Play written by Ludwig Anzengruber

The Priest of Kirchfeld (Der Pfarrer von Kirchfeld) is an anti-clerical folkplay by Ludwig Anzengruber in Viennese dialect, first produced 5 November 1870 in Vienna. It is Anzengruber's most popular drama. It has been adapted for film several times.

==Plot==
The scene is laid just outside Austria in the most conservative portion of Old Bavaria among a simple peasantry “whose passions, expressed without reservation or but clumsily concealed” were a novel revelation of human nature to theatregoers. Priest Hell (“Bright”) and his feudal adversary, Count Finsterberg (“Dark-mountain”), reveal by their very names the nature of the conflict which is precipitated by Hell's innocent gift of a little gold cross to his ward, the orphaned, penniless Annerl.
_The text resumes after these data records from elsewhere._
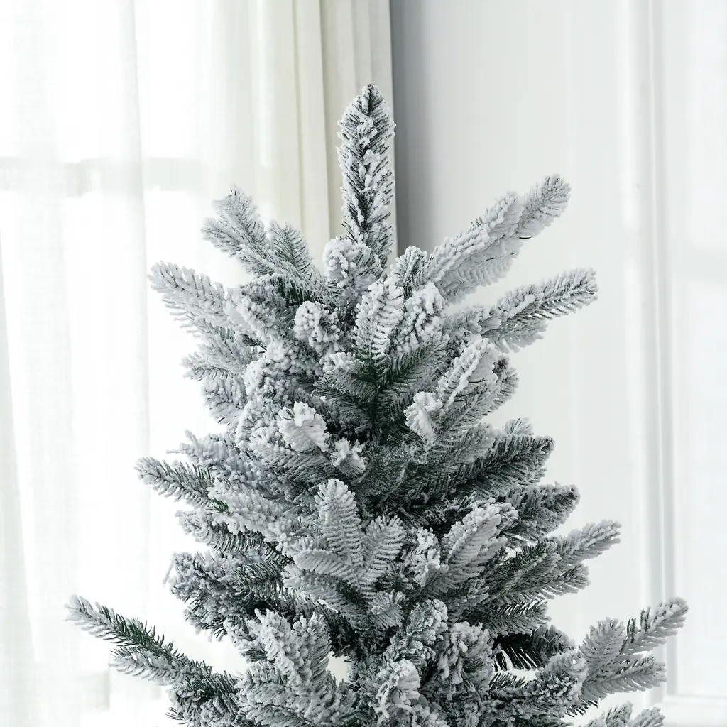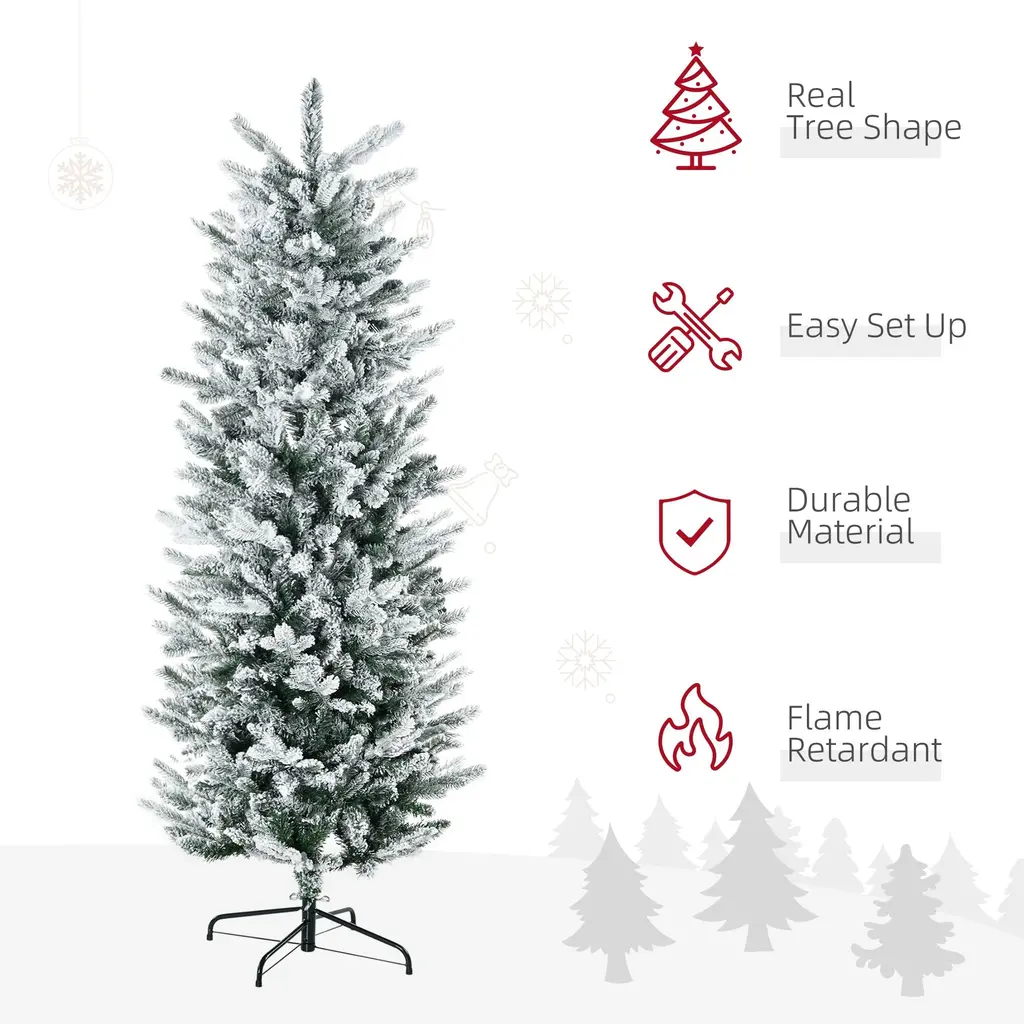 Homcom 6Ft Tall Flocked Artificial Christmas Tree Holiday Décor With 477 Snow Branches, Auto Open, Steel Base, Green - 5.89 Ft - 6 Foot - Green
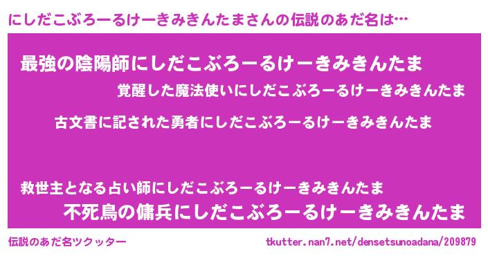 | ヘコむあだ名 | 『にしだこぶろーるけーきみきんたま(遠い目)』 |
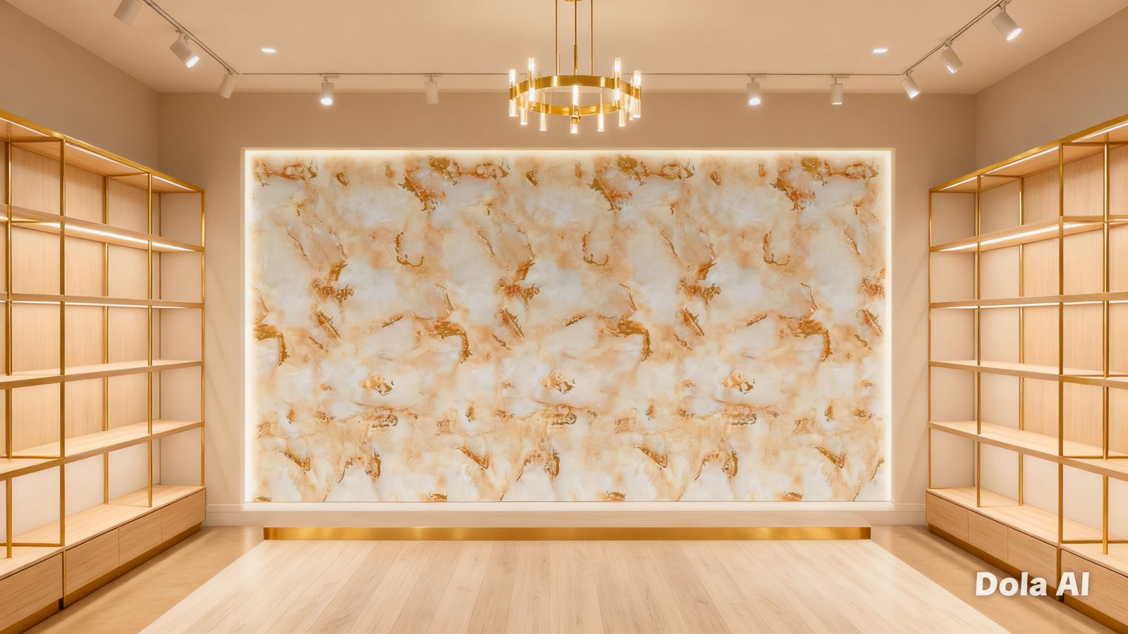 El modelo Onyx Beige Gold presenta una base en tonos beige claro y marfil, con vetas suaves en dorado y ámbar, logrando un acabado tipo mármol natural que transmite calidez, elegancia y armonía.
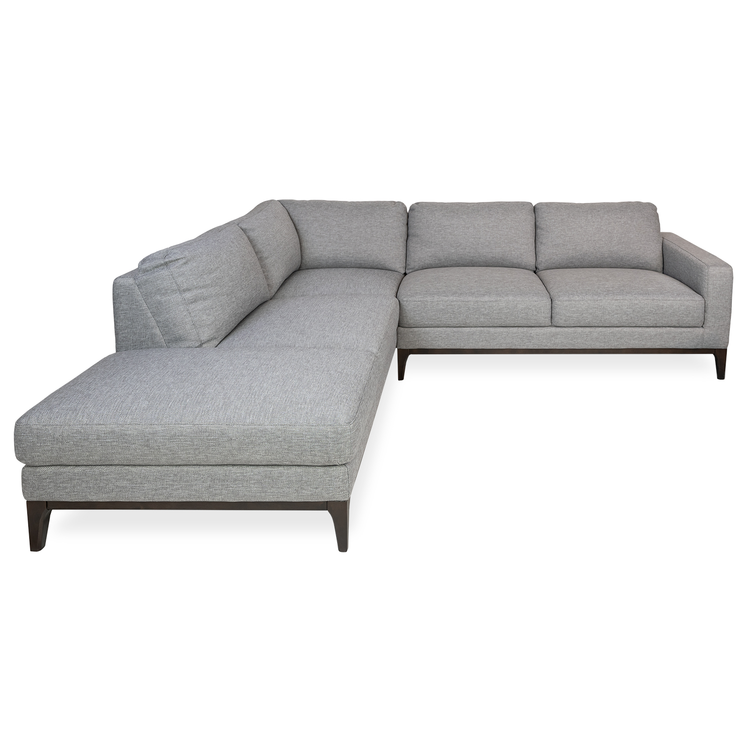 [0] => anson sectional - raf 2 seat corner, laf 2 seat terminal end - talent 05 light grey fabric w/ hs304 walnut base
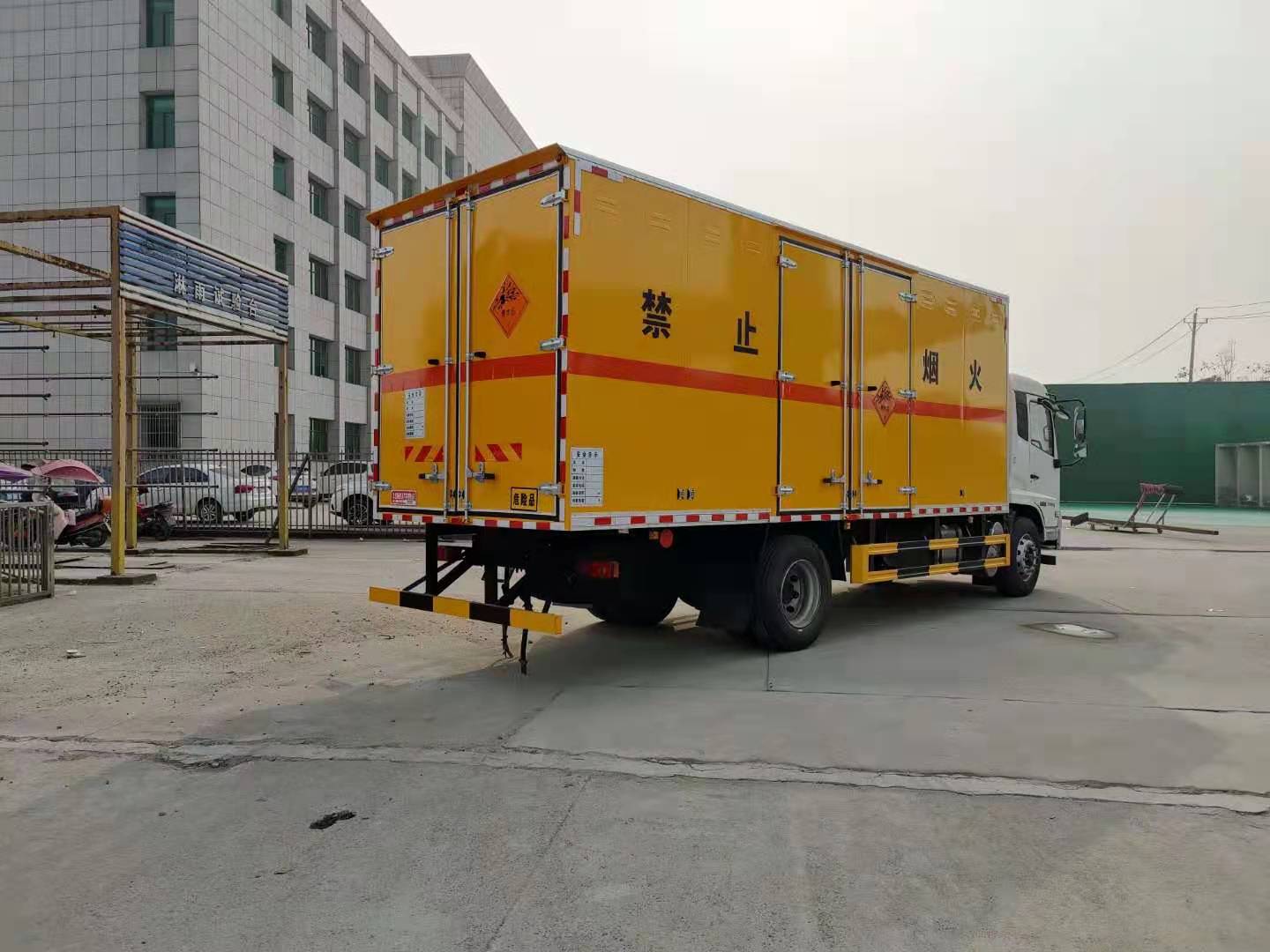 東風天錦危險品車廂體材質(zhì)為復(fù)合型防爆板:外板1.2mm冷軋鋼板,內(nèi)板為靜電良好的1mm厚鋁板,中間為30×40mm金屬方管,填充材料為40mm厚B2級隔熱防阻燃擠塑板。廂體兩側(cè)板上部開防雨型通風孔,便于空氣流通。廂體底板為3mm厚花紋板外鋪10mm厚靜電膠皮,前廂板下部處鋪10mm厚靜電膠皮,以防止車廂內(nèi)產(chǎn)生靜電火花,兩側(cè)板安裝內(nèi)嵌式臥環(huán),便于固定車廂內(nèi)的貨物。頂板中間處設(shè)置煙霧器,側(cè)門和尾門鎖緊處設(shè)置防盜器,并于駕駛室內(nèi)部蜂鳴器連接,便于駕駛?cè)藛T及時發(fā)現(xiàn)并險情。廂體頂部封閉不可開啟。廂體右(副駕)側(cè)開側(cè)門,廂體尾部雙開門。車廂顏色為/白色,安裝整車示廓燈,車廂外前廂板兩側(cè)設(shè)兩個滅火器支架(隨車贈送4Kg滅火器兩個),車廂尾部副梁處設(shè)置兩根可收放式銅芯靜電帶,使車輛與大地等電位連接,車身國標反光標,左右及尾部三塊菱形危險品標識,尾部粘貼危險品告示,兩張危險品警示牌,車頂一個三角形危險品頂燈。

This gives the vagabond Wurselsepp an opportunity to ruin the priest with his parish as an expression of hatred caused by ecclesiastical prevention of his union to a Lutheran girl 20 years before. In one scene of the play, Hell converts and wins the friendship of this enemy when he permits the burial of Wurzelsepp's suicide mother in consecrated ground. But this employment of his own judgment against the law of the Roman Catholic Church loses for him his parish.
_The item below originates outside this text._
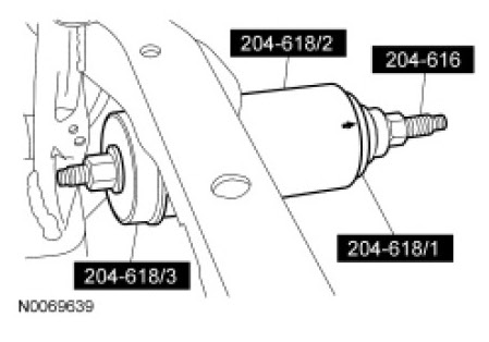 Assemble the RDU 204-618 and RDU 204-616 to the rear subframe and press out the bushing.
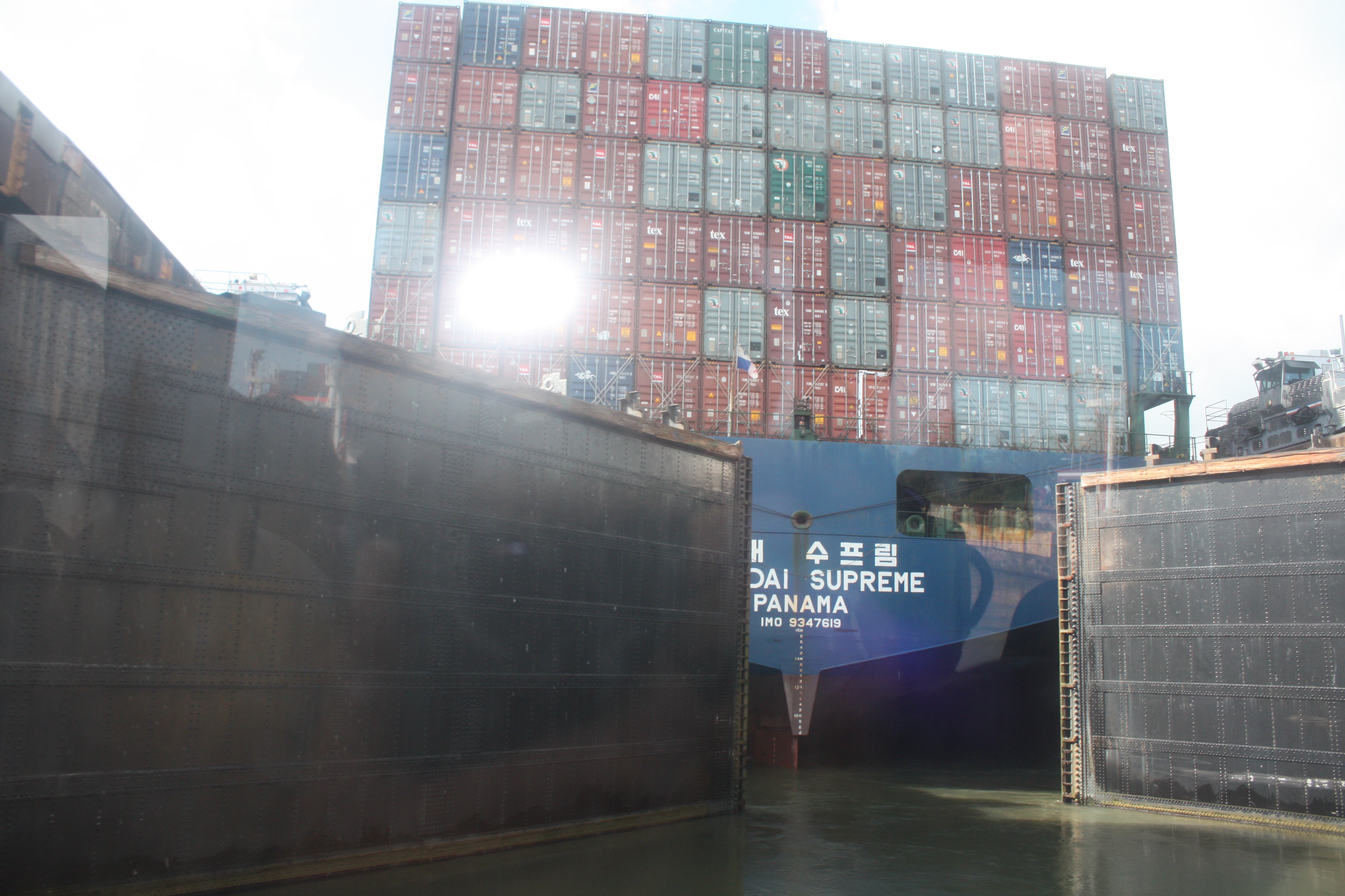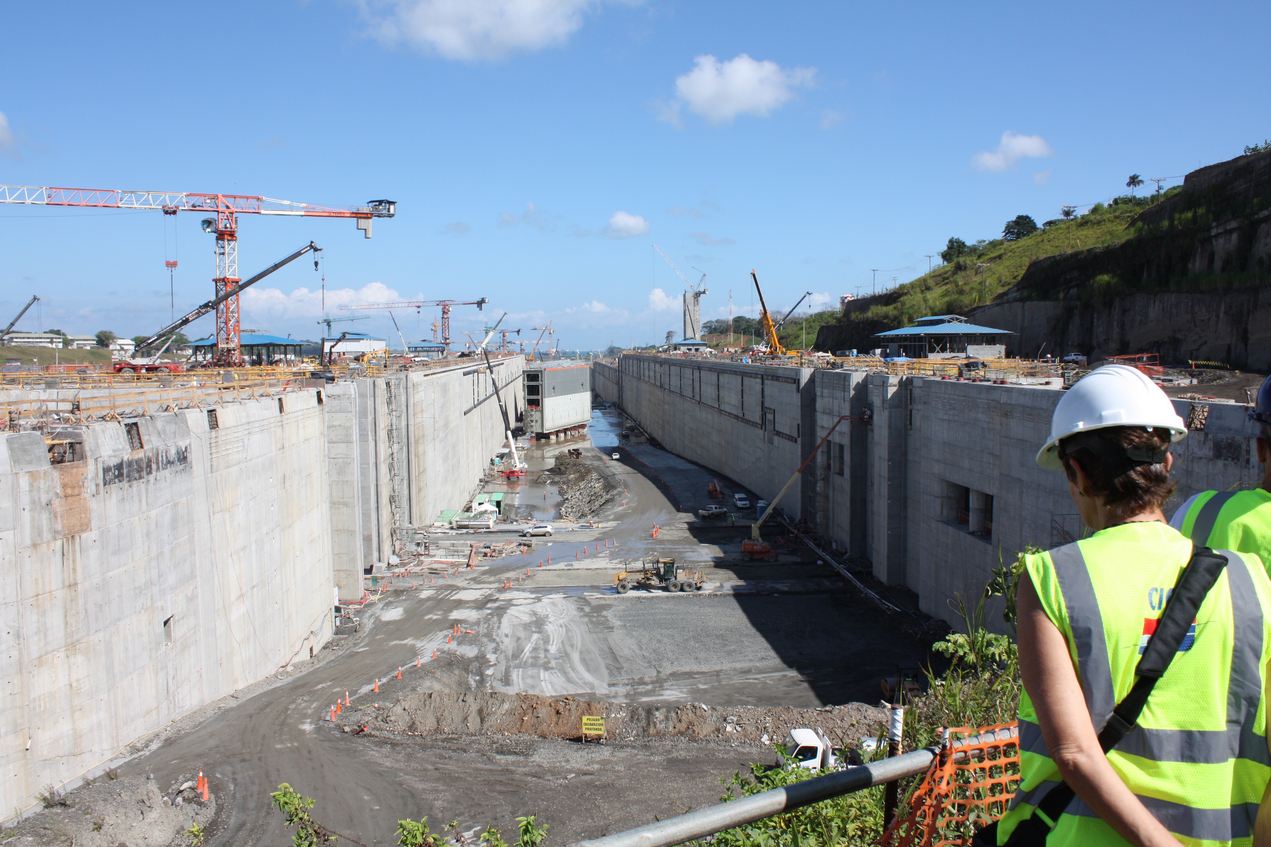 A project is underway to build new, larger locks alongside the existing ones, to accommodate larger ships. (And to facilitate maintenance of the old locks, since it will become possible to close them down when needed, without closing the Canal entirely.) It was hoped that the project could be completed in 2014 for the 100th anniversary of the original Canal opening, but naturally there have been some delays. It is now expected that construction will complete this year, and it will open for commercial use next year. End of background.

Though a member of the “church militant and regnant,” Hell had sought, like the “Monk of Wittenberg,” for a way short of the requirement to inquire “May I do it, just as I mean it?”, a way which makes men “indifferent or apostate.” Herein lies a part of the tragedy of his position. However, he becomes no champion of the “Away from Rome” movement, which later gained such strength. He conquers self, and submits. More tragic, almost to the point of suicide, is his love for Annerl, who also learns resignation like all Austrians, by giving hand and allegiance to the peasant, Michel. This soul conflict, rather than the politico-religious purpose, has been cited as the greatest source of appeal for the play.

==Effect==
The play raised a struggling unknown author to fame. This has been attributed to the play's freshness and inherent excellence, and also to the play's voicing of popular feelings in regard to the celibacy of the clergy, mixed unions, enforced civil marriage and the relation of church and state as affected by the declaration of papal infallibility in 1870 (see First Vatican Council).
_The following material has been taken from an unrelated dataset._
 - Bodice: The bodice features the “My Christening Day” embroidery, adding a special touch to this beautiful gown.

==Productions, editions, criticism==
First produced in the Folktheatre “an der Wien,” it gradually found its way over all German-speaking lands, being played 632 times between 1899 and 1905. The text for the play can be found in volume VI of Anzengruber's Gesammelte Werke (“Collected Works,” 1898). For a critique, see Sigismund Friedmann, Ludwig Anzengruber (Leipzig, 1902).

==Film adaptations==
- The Priest from Kirchfeld (1914, directed by Jakob Fleck and Luise Fleck), starring Ludwig Trautmann, Max Neufeld.
- The Priest from Kirchfeld (1926, directed by Jakob Fleck and Luise Fleck), starring William Dieterle, Fritz Kampers.
- The Priest from Kirchfeld (1937, directed by Jakob Fleck and Luise Fleck), starring Hans Jaray, Ludwig Stössel.
- Das Mädchen vom Pfarrhof (1955, directed by Alfred Lehner), starring Waltraut Haas, Erich Auer.
- The Priest from Kirchfeld (1955, directed by Hans Deppe), starring Ulla Jacobsson and Claus Holm.